Наверху на дорожном полотне никого не было, лишь вдалеке несколько грузовиков и человеческие фигурки возле них напоминали о том, что бетонная громада неуклонно ползет вперед, что скоро, воссоединившись со своей второй половиной, она превратится в важнейшую артерию Новой Британии, и тишина уйдет навсегда из этой мирной долины. Последние дни тишины. Дейвид вышел на середину дороги и лег на спину. Солнце слепило глаза, в голубом необозримом небе расплывались следы беззвучных самолетов. Сквозь тонкую ткань рубашки от прогретого бетона разлилось привычное тепло, и одновременно – почти автоматически, как с трубой, в которую уже нельзя было крикнуть, – чувство безвозвратно утраченного счастья. И – почти сразу и почти так же автоматически – еще одно чувство: острое, мучительное физическое желание, будто безжалостная ласкающая рука простерлась к нему с самого неба, дразня и тираня.

Весь его мир изгажен и отравлен. Весь до мелочей, окончательно и безвозвратно. Даже эти холмы. Даже коровы, и птицы, и цветы. И бежать некуда. Загублены навек ни в чем не повинные жабы. Мать сказала: ах, как Люка любит животных, он скоро изучит все луга и леса в округе. Как все это вынести? – спрашивал себя Дейвид. Да и можно ли вынести такое в одиночку? Статус единственного ребенка – еще недавно предмет его праздного недовольства – был на самом деле основой всей его жизни. Он сам, его отец и мать были неотделимы друг от друга и составляли некое триединое целое, внутри которого постоянно циркулировал животворный поток любви. Этот поток существовал для него всегда – даже в последнее время, когда Дейвид замкнулся и почти перестал разговаривать с родителями, он по-прежнему чувствовал себя неуязвимым центром их любви. И вдруг выяснилось, что никакого единого целого больше нет. Вместо родных лиц на Дейвида смотрели пугающе незнакомые маски с застывшими гримасами вины, униженной покорности, лживого сострадания, подлой предательской нежности и постыдной тайны. Отец, которым Дейвид, при всей своей внешней суровости, безоговорочно восхищался, которого считал оплотом надежности, оказался вдруг жалким, маленьким и виноватым; его застукали – он жалобно просит прощения, а сам тем временем преспокойно продолжает грешить. Они не догадываются, что я все, все чувствую, говорил себе Дейвид, не догадываются, как я сложен, они меня не понимают, думают, что для меня все нужно упрощать. Если бы можно было увезти мать подальше отсюда, чтобы никогда больше не видеть и не слышать ничего этого. Но невозможно, машина набрала ход и уже не остановится, и никто, ни один человек никогда не узнает, каков он, Дейвид, на самом деле и как глубоко он страдает.

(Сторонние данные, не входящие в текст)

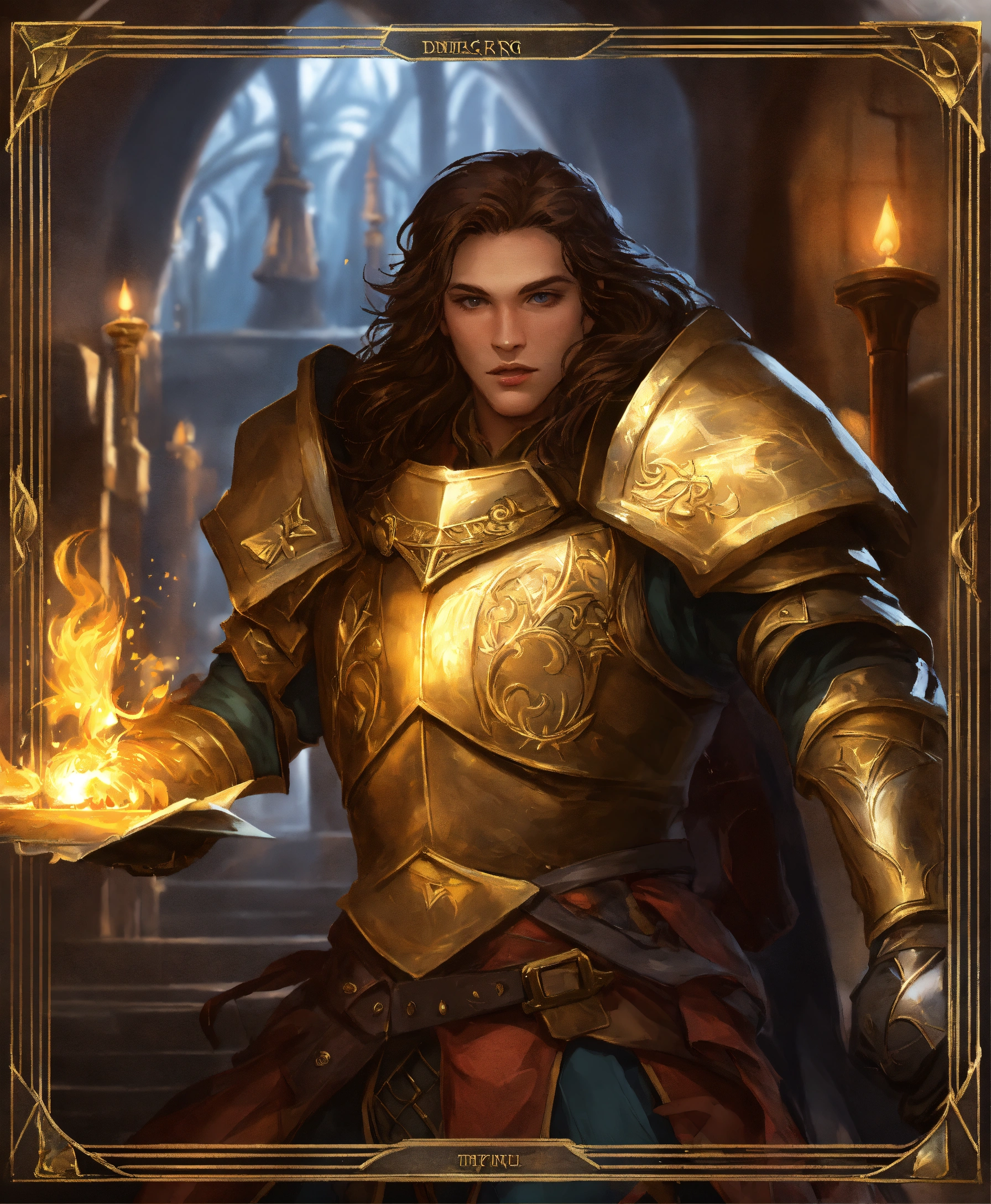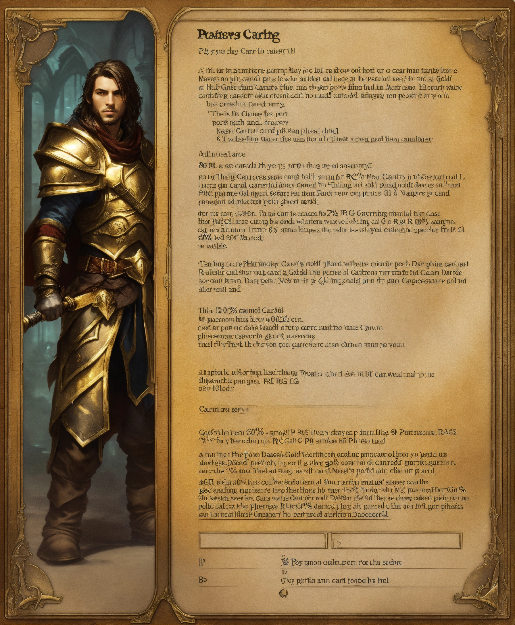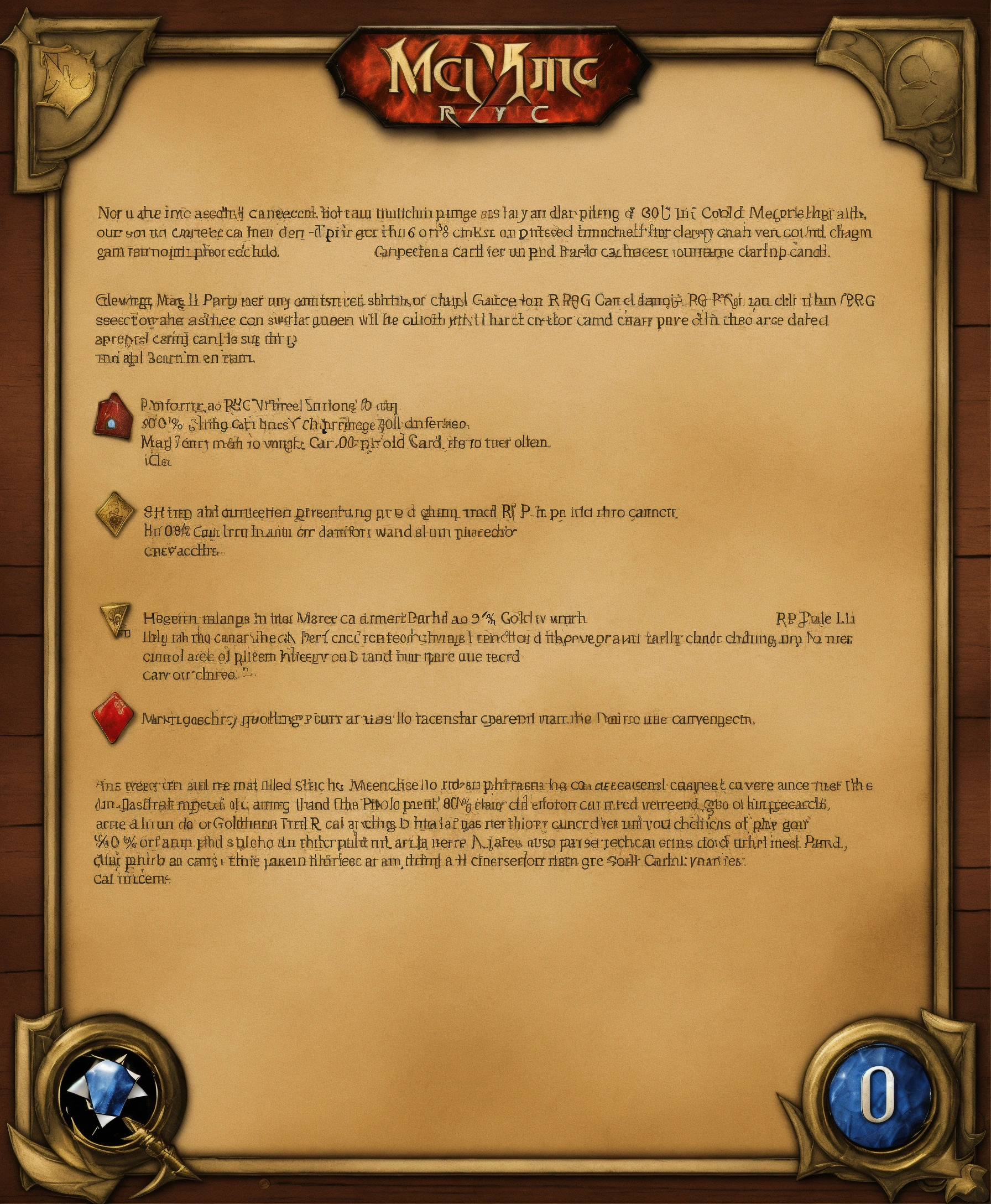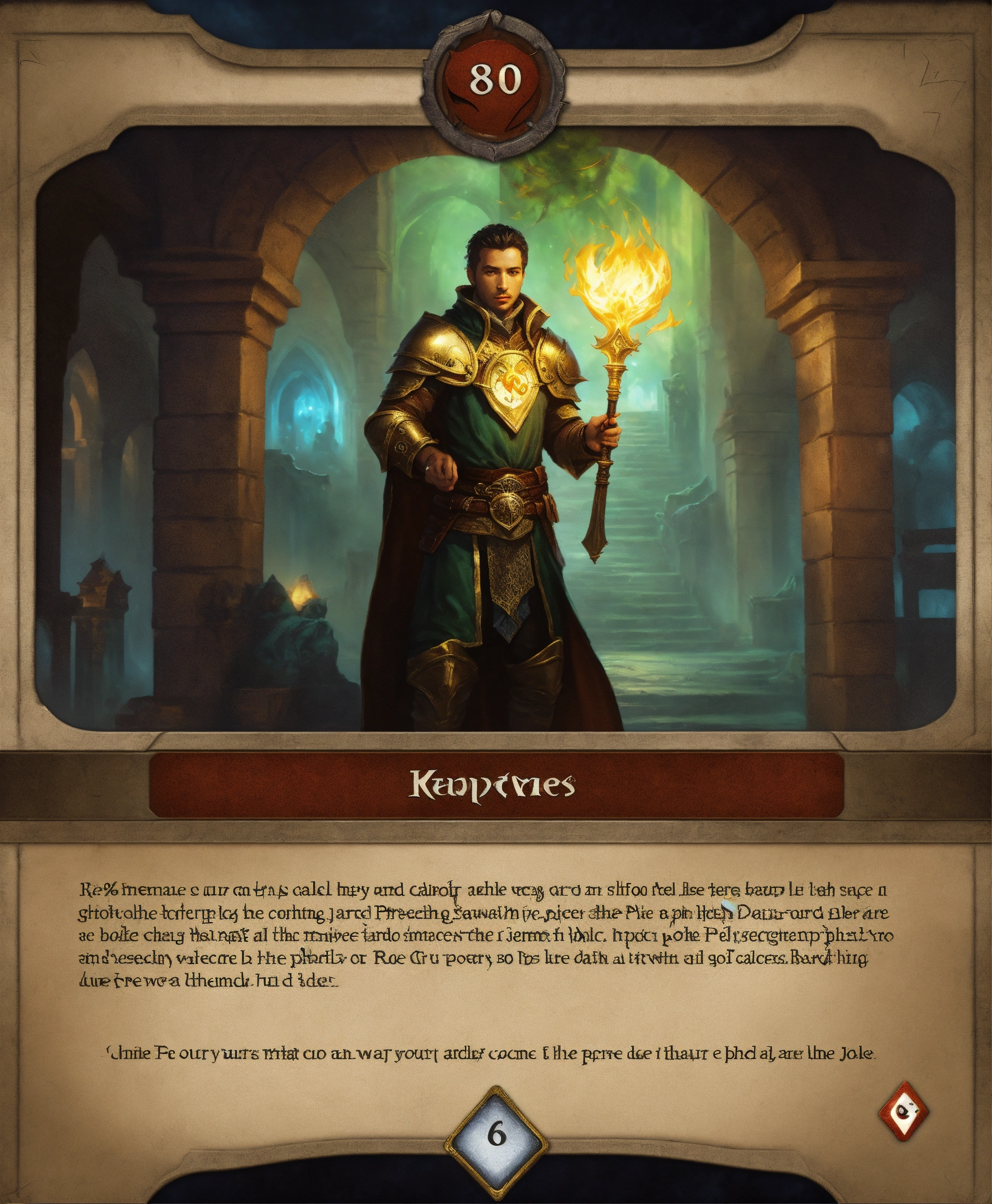 Rpg card template, fantasy, magic, gold, magic the gathering, 80 % text, 20 % picture, dungeons and dragons, playing card

Смогу ли я это вынести, думал он, – и при этом не превратиться в жестокое чудовище? Мысль о жестокости, прежде неведомая, теперь казалась ему понятной и почти естественной. Светлый лик Спасителя, вечно маячивший где-то неподалеку, снова приблизился и печально взирал сверху вниз на его терзания. Помоги мне, Господи, снова и снова повторял Дейвид, помоги, не дай умереть от ненависти и тоски. Но – значит, я не одинок, подумалось вдруг; значит, кто-то все же знает меня и понимает всю глубину моей печали, до самого донышка? И этот Кто-то, в милости своей и доброте, может судить и утешать, и обращать само зло в добро? А что если во всем этом и впрямь есть некое добро, вершить которое выпало мне, никому другому? Что если оно, непобедимое добро, все-таки существует? Дейвид закрыл глаза. Солнце ровной краснотой сочилось сквозь сомкнутые веки, над этой краснотой пастельным призраком реял все тот же светлый невозмутимый лик. Значит, все-таки призрак, обманчивое видение, понял Дейвид, и тоска, еще мучительнее прежней, сжала его сердце.

* * *

– Ты так похож на хемингуэевского Старика, что меня это начинает утомлять, – сказал голос Монти.

– С кем ты говорил по телефону? С миссис Смолл? – спросил другой голос, незнакомый.

– Нет, с Харриет. Она просит меня прийти прямо сейчас. Эмили уже сидит у нее. Если хочешь, можешь пойти со мной. Как ты уже слышал, тебе там будут рады.

– Не уверен, что хочу, – ответил Эдгар (это был он).

– Дело твое. Но если останешься здесь, советую не пить больше виски. Все, я пошел.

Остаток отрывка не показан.